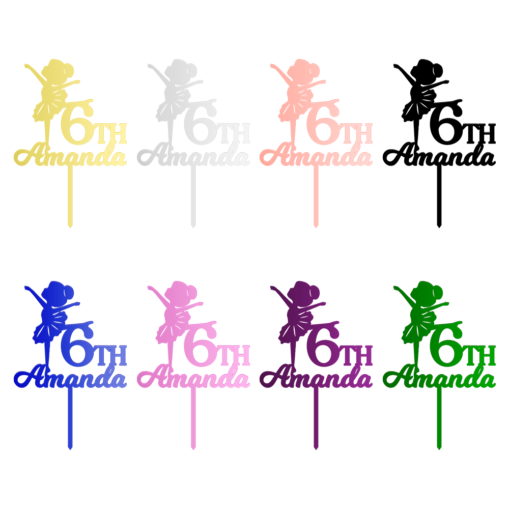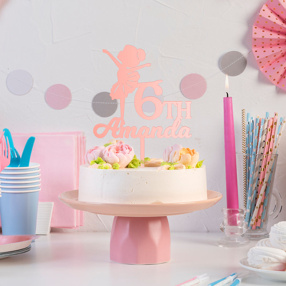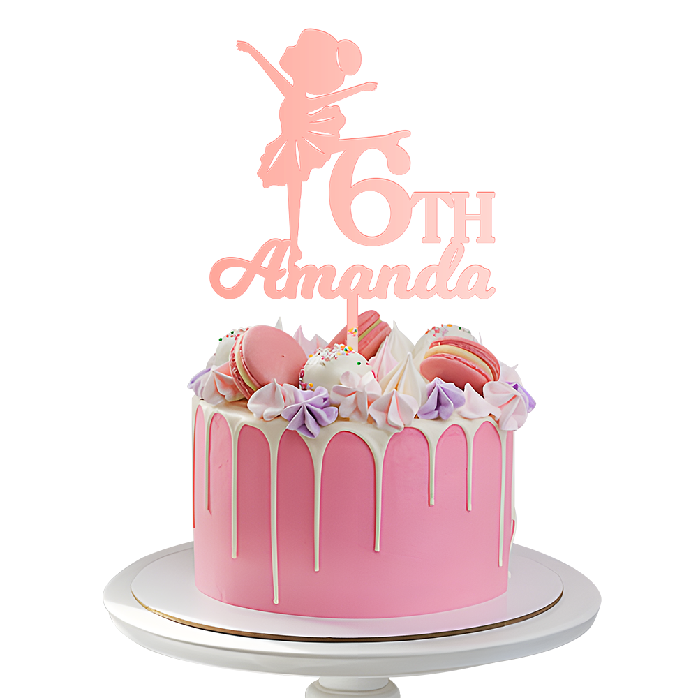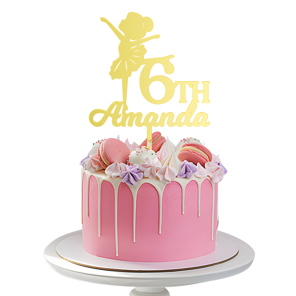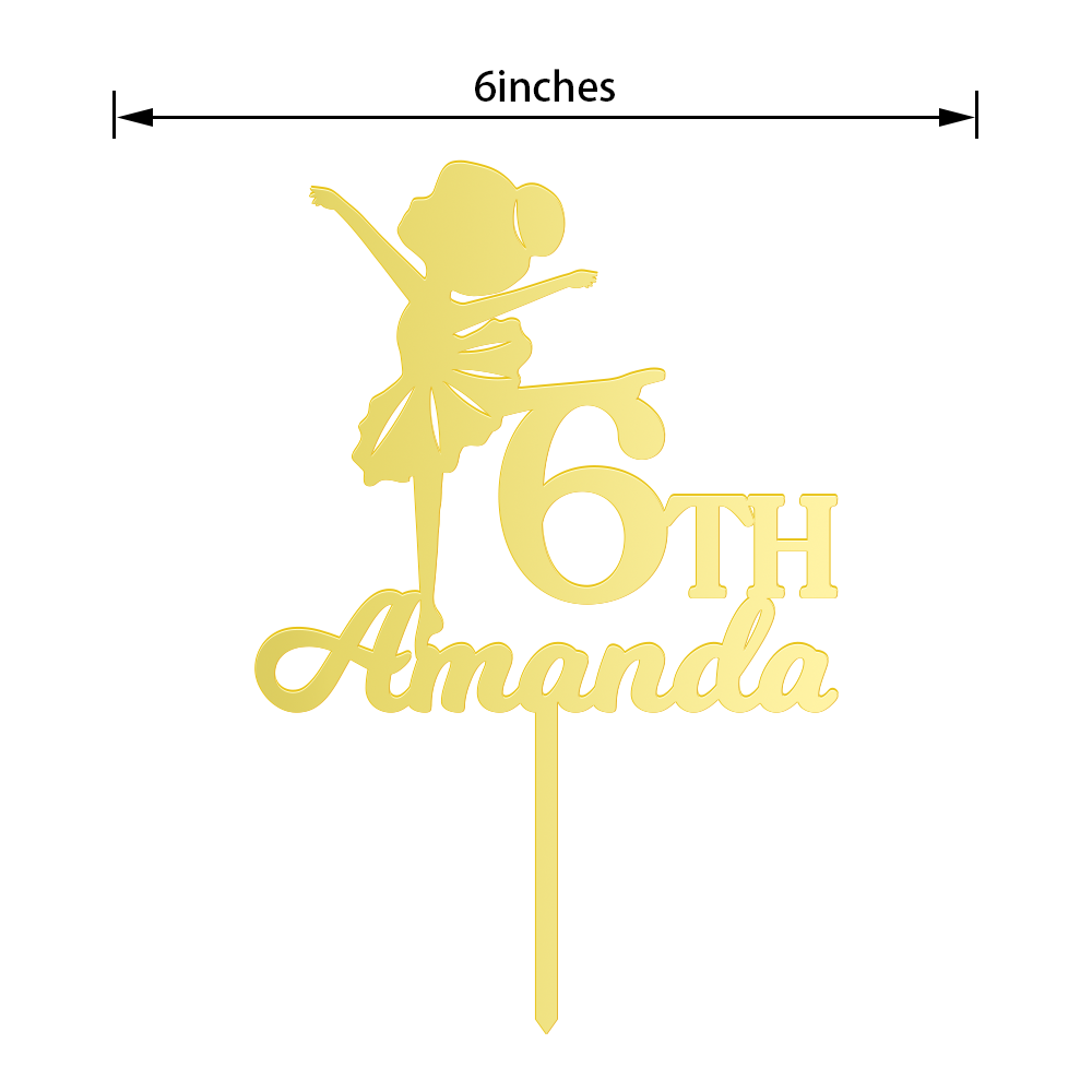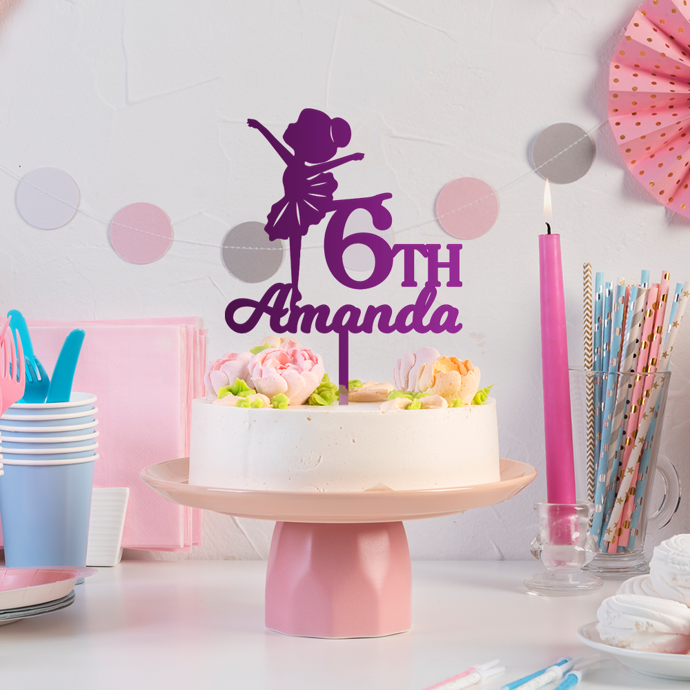 Personalized Ballerina Birthday Cake Topper in Acrylic Custom Name and Age Design 2
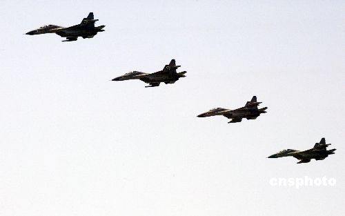 中俄聯(lián)合軍事演習(xí)海上封鎖演練中,蘇-27飛機(jī)以編隊(duì)形式飛過(guò)戰(zhàn)區(qū),與艦艇協(xié)同作戰(zhàn)。作者:王麗南
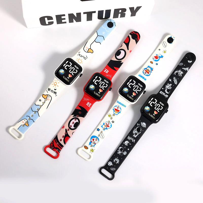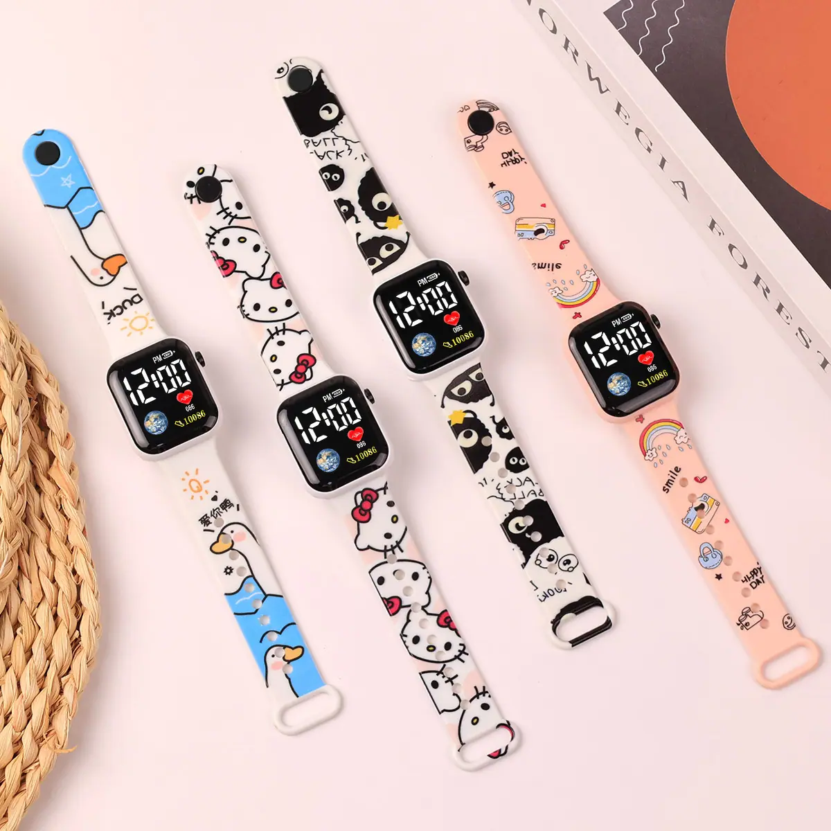 Nuevo reloj electrónico con estampado de dibujos animados, moderno, con botón LED, para exteriores, para estudiantes de primaria y secundaria, reloj con personalidad cuadrada.
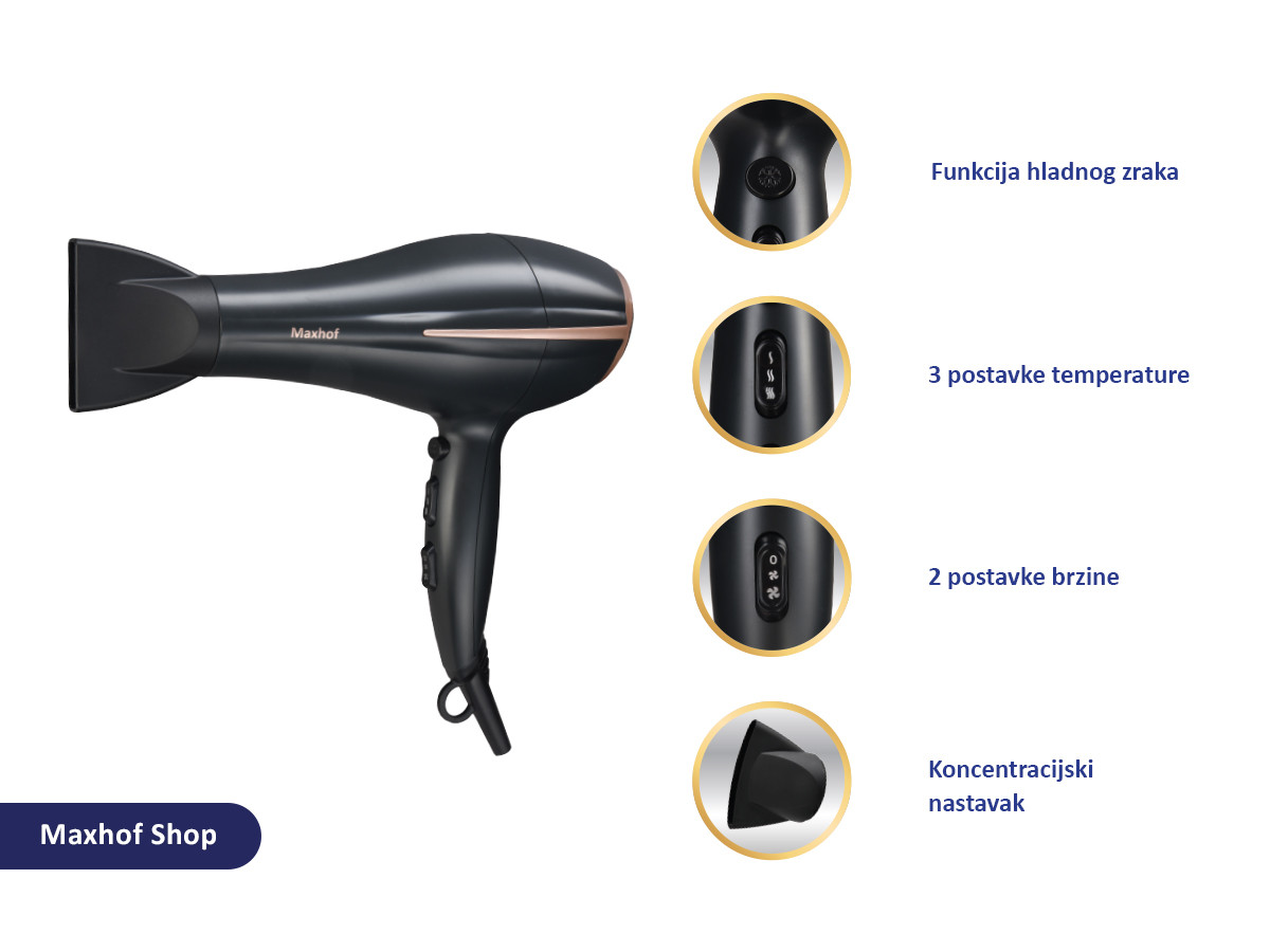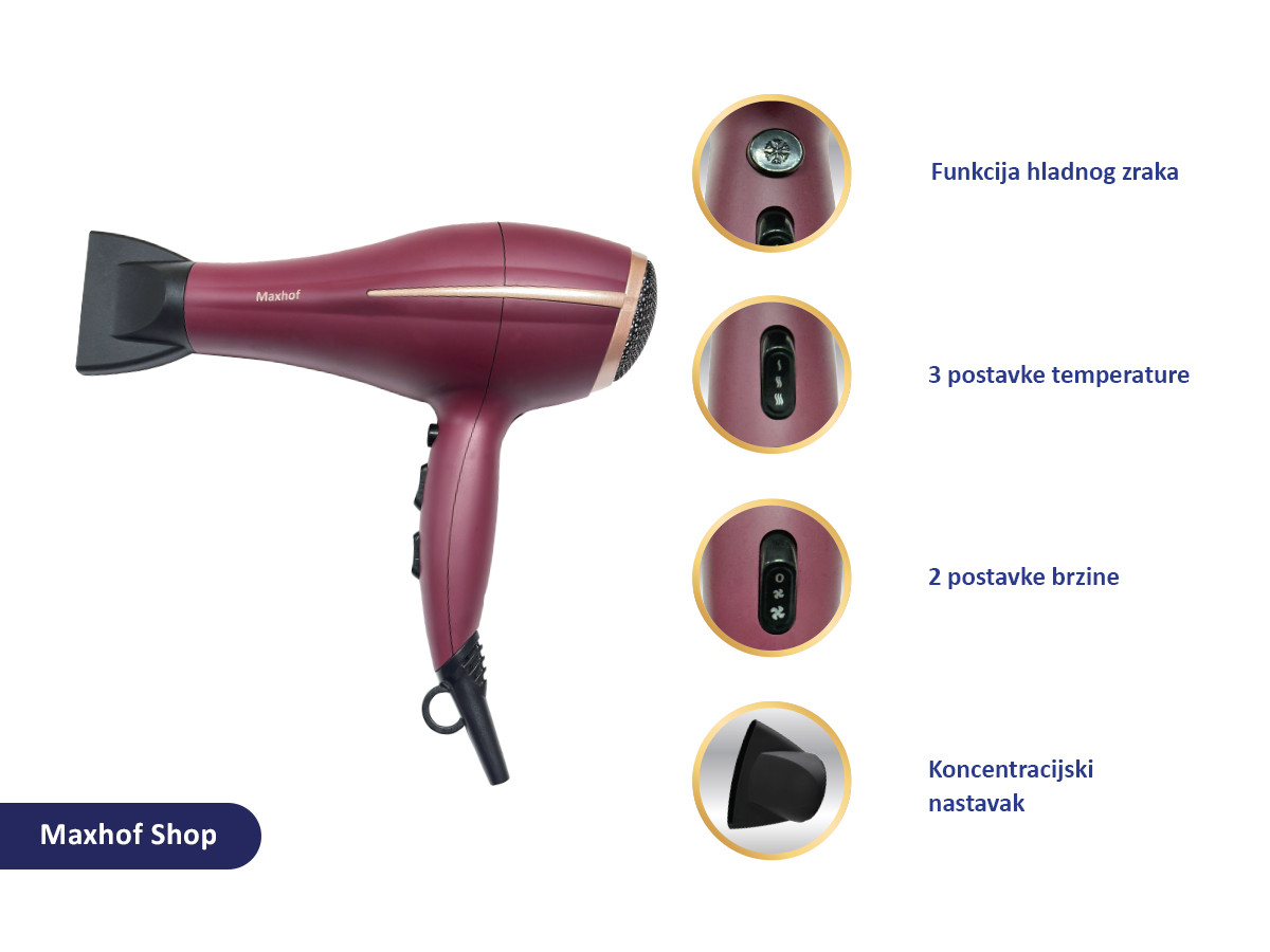 - Snažnih 2200W snage, sa 2 brzine i 3 temperature, omogućuje vam savršeno oblikovanje svaki put.
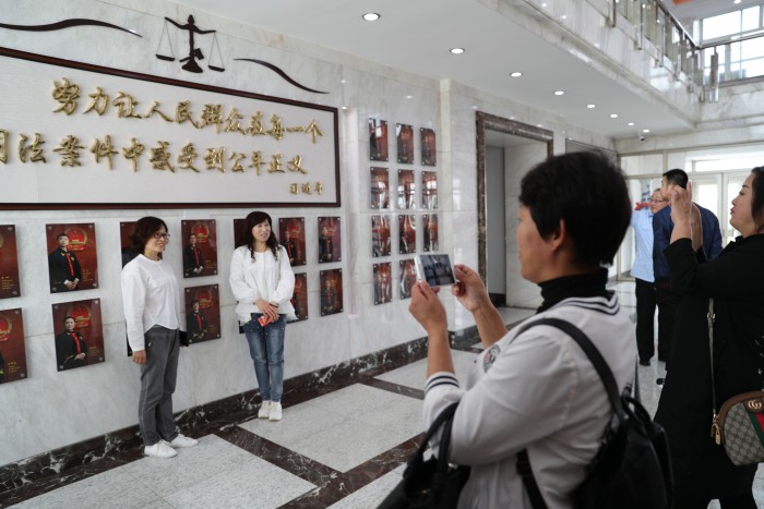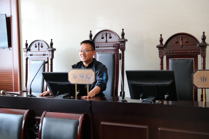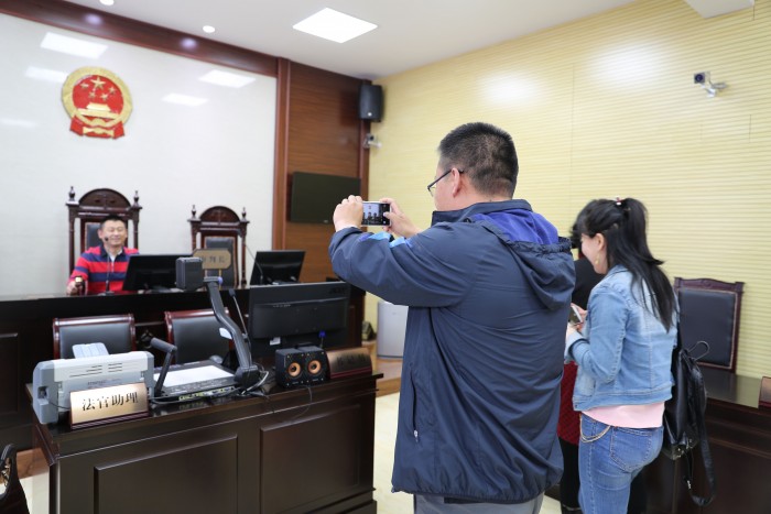 来到科技法庭,参观人员赞叹审判法庭庄严肃穆、信息化程度高,他们坐在审判席前拍照留念,久久不舍离去。
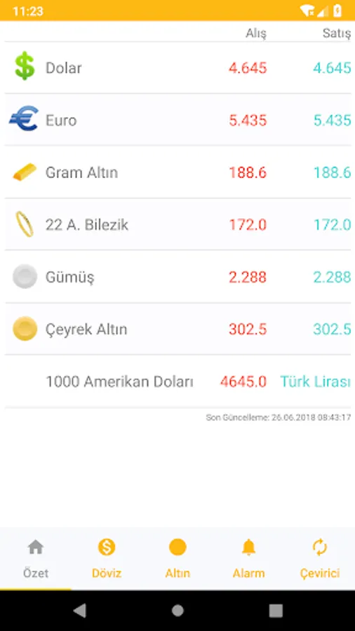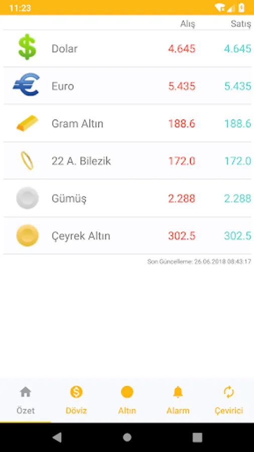 You can follow the Exchange and Gold Rates instantly. You can get an alert when you reach the price you want by adding an alarm to the exchange rates. You can set the alarms when the buy / sell value rises or falls. You can convert the exchange values to each other and pin them to the summary screen. You can learn Dollar, Euro, Sterling, Riyal, Crowns, Quarter Gold, Silver Prices and more.
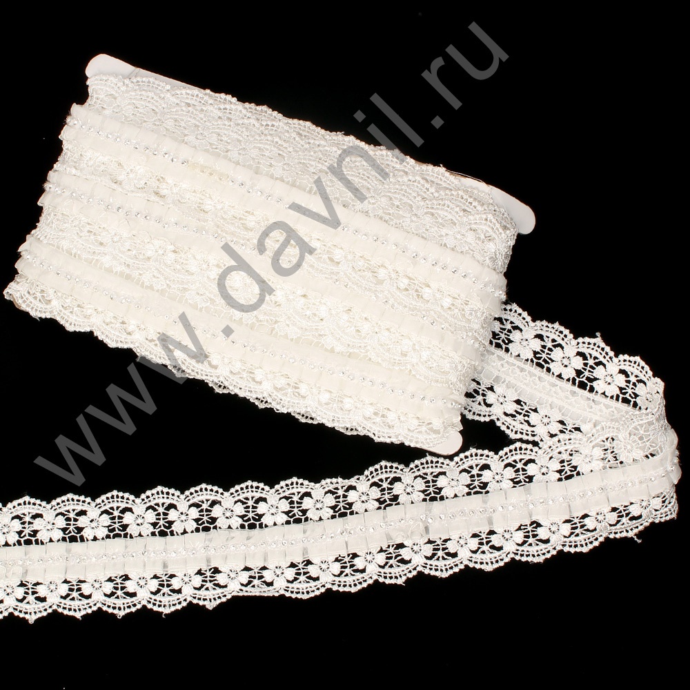 Кружево на органзе 5 см цветок со стразами 13,5 м айвори
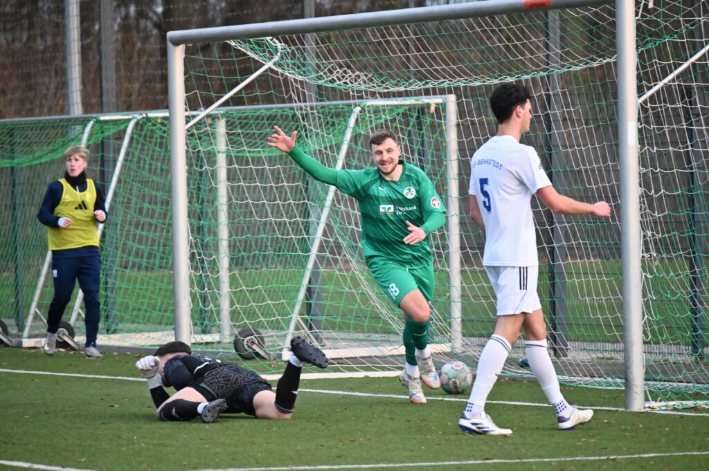Coach Kunze reagierte und brachte mit Bledar Shoshi, Kaba und Mühlmann frische Kräfte. Nun ging noch einmal ein Ruck durch die Grün-Weißen. Besonders über die starke linke Seite mit Devant und Sauane erspielten sich die Zeitzer nun Chance auf Chance. Mühlmanns Schuss konnte der Hüter der Bennstedter noch mit Mühe entschärfen, aber nach starker Vorarbeit von Djabi Sauane war es Leon Devant vorbehalten die Zeitzer wieder ins Spiel zu bringen. Sein herrlicher Schlenzer war unhaltbar. In der 82. Minute rollte der nächste Angriff über links aufs Gehäuse der Gäste. Der Ball kam zu Nobre und der wurde regelwidrig in der Box gestört. Den fälligen Elfer versenkte Lucas Pellmann souverän.
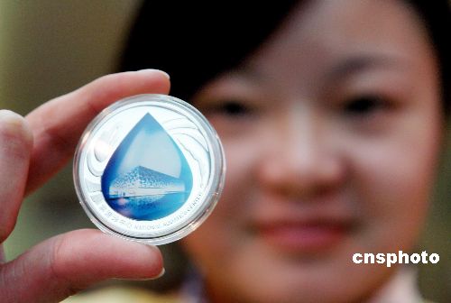 2007年11月16日,經北京奧組委授權,中國金幣總公司近日起發行北京2008奧運會場館紀念章。場館紀念章主題圖案采用了國家游泳中心——“水立方”為主要設計元素,并刊“第29屆奧林匹克運動會場館紀念”中英文字樣,采用鏡面、噴砂、高浮雕及彩色移印等造幣工藝,充分展現了高科技含量的設計鑄造技術。中新社發 馬健 攝

◇ ◇ ◇ ◇

THE TASK: Extract, without any images, the part of the material above that opens with the line containing "Nuevo reloj electrónico" and closes with the line containing "Кружево на органзе", both lines included.

EXERCISE OUTPUT:
 Nuevo reloj electrónico con estampado de dibujos animados, moderno, con botón LED, para exteriores, para estudiantes de primaria y secundaria, reloj con personalidad cuadrada.
 - Snažnih 2200W snage, sa 2 brzine i 3 temperature, omogućuje vam savršeno oblikovanje svaki put.
 来到科技法庭,参观人员赞叹审判法庭庄严肃穆、信息化程度高,他们坐在审判席前拍照留念,久久不舍离去。
 You can follow the Exchange and Gold Rates instantly. You can get an alert when you reach the price you want by adding an alarm to the exchange rates. You can set the alarms when the buy / sell value rises or falls. You can convert the exchange values to each other and pin them to the summary screen. You can learn Dollar, Euro, Sterling, Riyal, Crowns, Quarter Gold, Silver Prices and more.
 Кружево на органзе 5 см цветок со стразами 13,5 м айвори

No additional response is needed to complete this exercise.